A representative from Madison College recently introduced Baraboo administrators to the Gateway to College program, which offers dual credit for students ages 16 to 21 — likely those who dropped out of high school or who struggle in a traditional high school. Madison College’s Portage campus became the first regional campus to offer the national program, though it has existed at the Truax campus in Madison for the past five years. Baraboo signed on last fall.

Participating students can earn college credit while simultaneously completing their high school diploma requirements in Gateway. That dual purpose, plus the prospect of being a college student, appealed to Borkenhagen.

“I think it’s just cool that I can graduate with college credits and then go from there,” he said.

Since taking classes five days a week at Madison College, he’s found the environment makes a difference, too — his classmates there have chosen to pursue their education. In his first semester in Gateway, he earned a 3.25 GPA and made it into the National Honor Society.

The program has built Borkenhagen’s confidence, Thornburgh said, noting that many students hesitate to pursue higher education if they struggled in high school. Being able to earn both college and high school credit will make him want to continue his education because “he’s proven that he can do this,” Thornburgh said.

Borkenhagen is on track to receive his Baraboo High School diploma in January.

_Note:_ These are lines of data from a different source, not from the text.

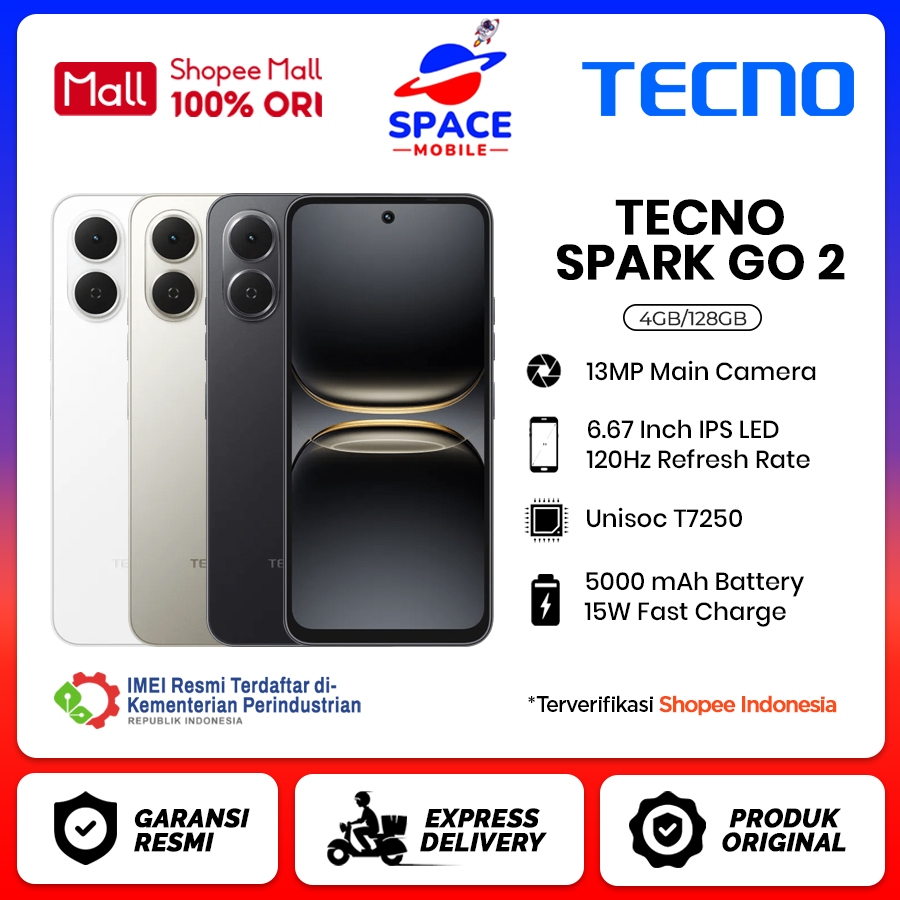 Tecno Spark Go 2 [4GB+128GB] - Resmi 1 Tahun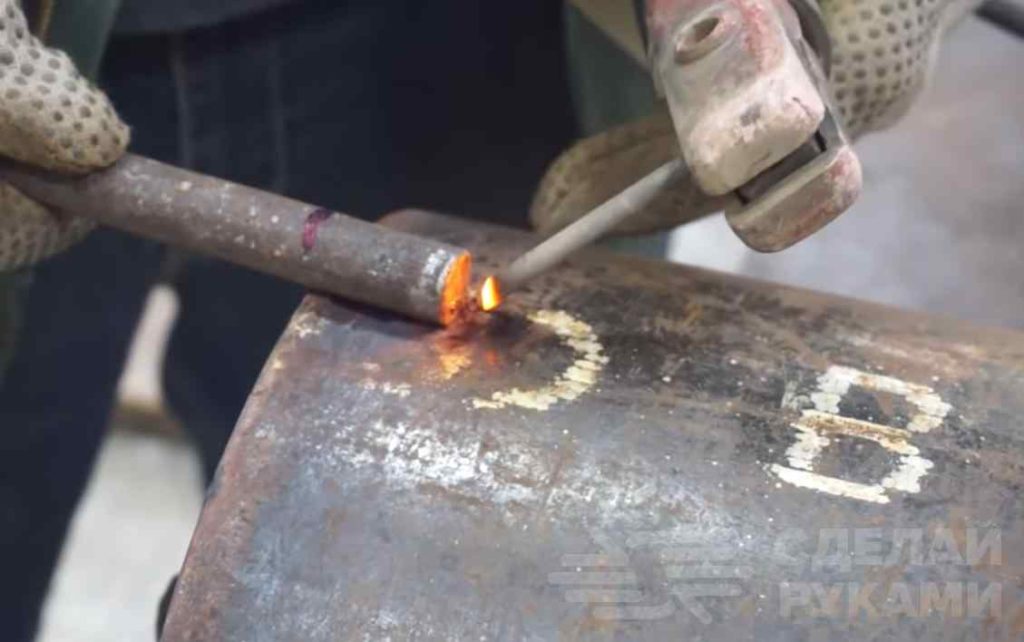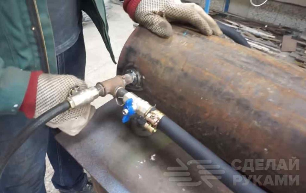 В верхней боковой стенке трубы просверливаем ещё одно отверстие для подачи воздуха и также установим трубку с резьбой. Для устойчивости изготовим ножки из прутка и приварим их к нижней части бака.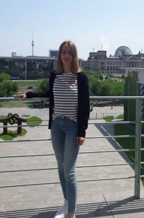 Die Reise begann am Montag dem 3. Juli 2019. Jeder Preisträger musste eigenständig nach Berlin fahren, wo wir uns im Hotel Holiday Inn trafen, wo wir die nächsten Tage verbringen würden. Als ich dort ankam empfing mich die Leiterin der Reise und gab mir meine Zimmerkarte. Wir hatten Doppelzimmer, d.h. Ich teilte mir mein Zimmer mit einem anderen Mädchen. Nachdem ich meine Sachen in mein Zimmer gebracht hatte, ging ich in die Eingangshalle, wo wir uns treffen sollten. Dort warteten schon die anderen Teilnehmer, die ungefähr im Alter zwischen 16 und 20 Jahren waren, und wir gingen in den Essensraum, wo wir zusammen Mittag aßen. Nach dem Essen, bei dem wir uns gegenseitig kennenlernen konnten, stellten sich die Veranstalter der Reise vor und wir erhielten das Programm für die nächsten Tage, welches wir vorher schon per E-mail erhalten haben, weshalb wir schon wussten was auf uns zu kommt. Es war ein sehr dichtes Programm.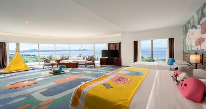 十二岁以下儿童与父母同住免费,加床另付,加床费为RMB300元/床/晚,含单人早餐。不占床位的儿童以身高计算,1.2米以下小孩早餐免费,1.2-1.5米小孩早餐RMB68元/位/晚,1.5米以上早餐RMB128元/位/晚。
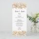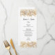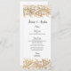 El elegante y antiguo diseño de Relieve metalizado de encaje dorado crea esta original carta vintage de bodas. Personalizable con los nombres de novias y novios y cursos y opciones para la cena. Invitación coincidente, rsvp, banda del vientre, pegatinas, etiquetas de agradecimiento y más disponibles.
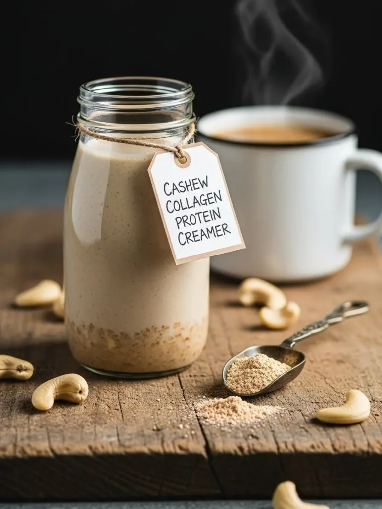 - Blend cashews, fresh water, collagen, honey, and vanilla on high speed until it looks like heavy cream.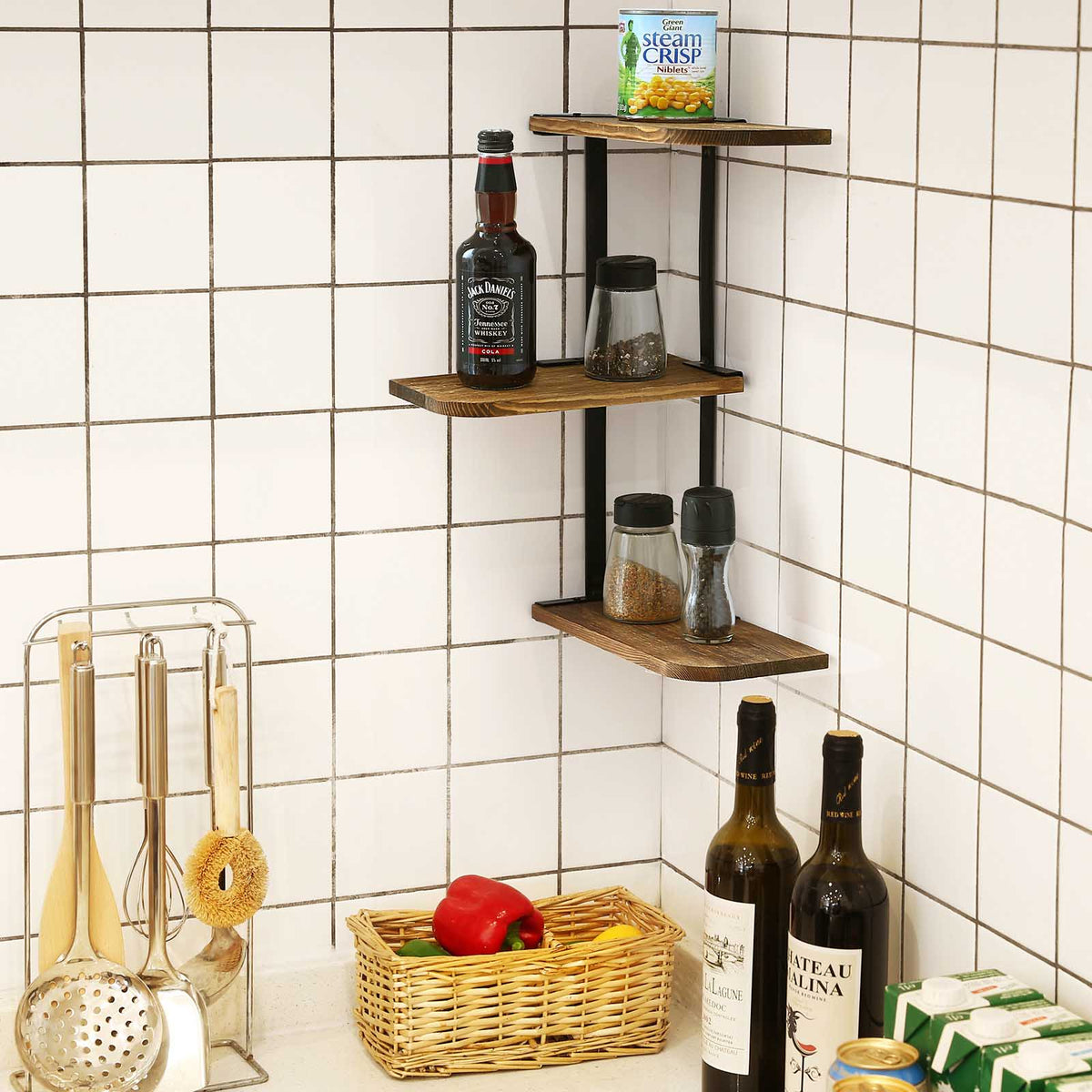 Verstelbare wandplank met houtlook 20 cm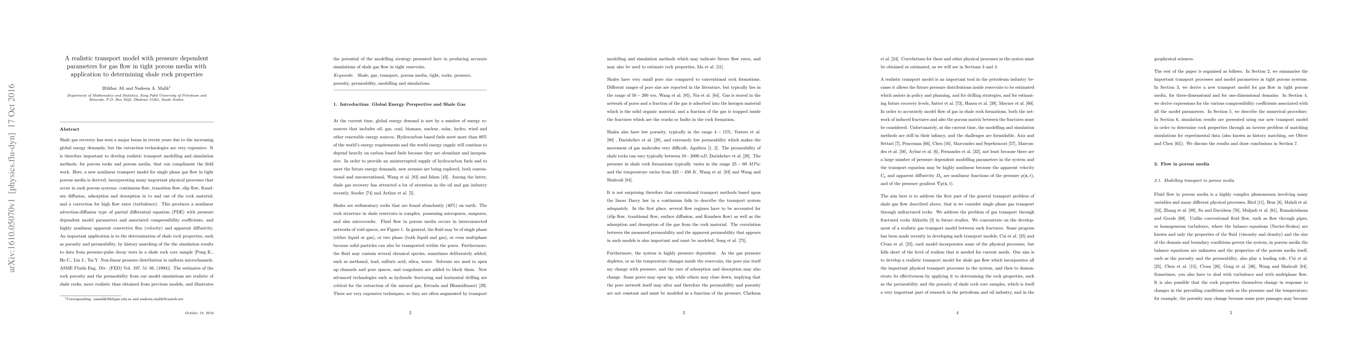This paper presents a new nonlinear transport model for gas flow in tight porous media, incorporating various physical processes like slip flow and Knudsen diffusion. The model's pressure-dependent parameters enable accurate simulations of shale gas flow, providing more realistic estimates of shale rock properties like porosity and permeability compared to previous models.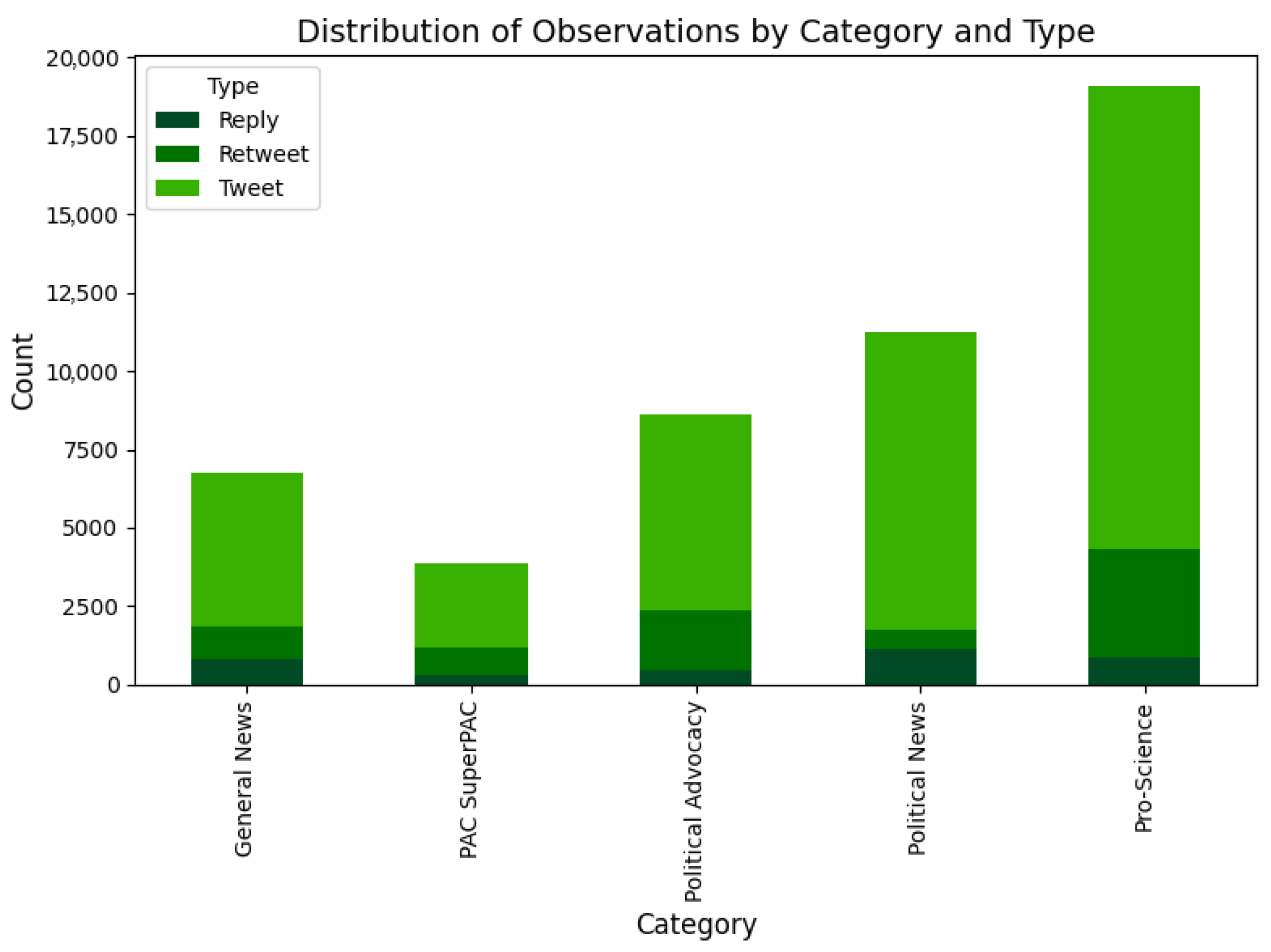Figure 2 display the number of tweets, retweets, and replies across categories.

Six months later, he plans to have an associate degree from Madison College. And after that, he’s considering applying to the University of Wisconsin-Madison.

He doesn’t yet know what field he’ll eventually go into, though his father’s work as a chemist intrigues him. Thornburgh said he’s open to many things.

“It’s kind of neat to see,” she said, “because I think four years ago, you know, he was just hoping to get through the day.”

She hopes Borkenhagen will show other students that they, too, can succeed. He has offered to speak with students about his experience and encourage them to join Gateway — a method that might make them more likely to listen than hearing from an older adult.

“The program is just an awesome opportunity for students to get their life back on track,” Borkenhagen said.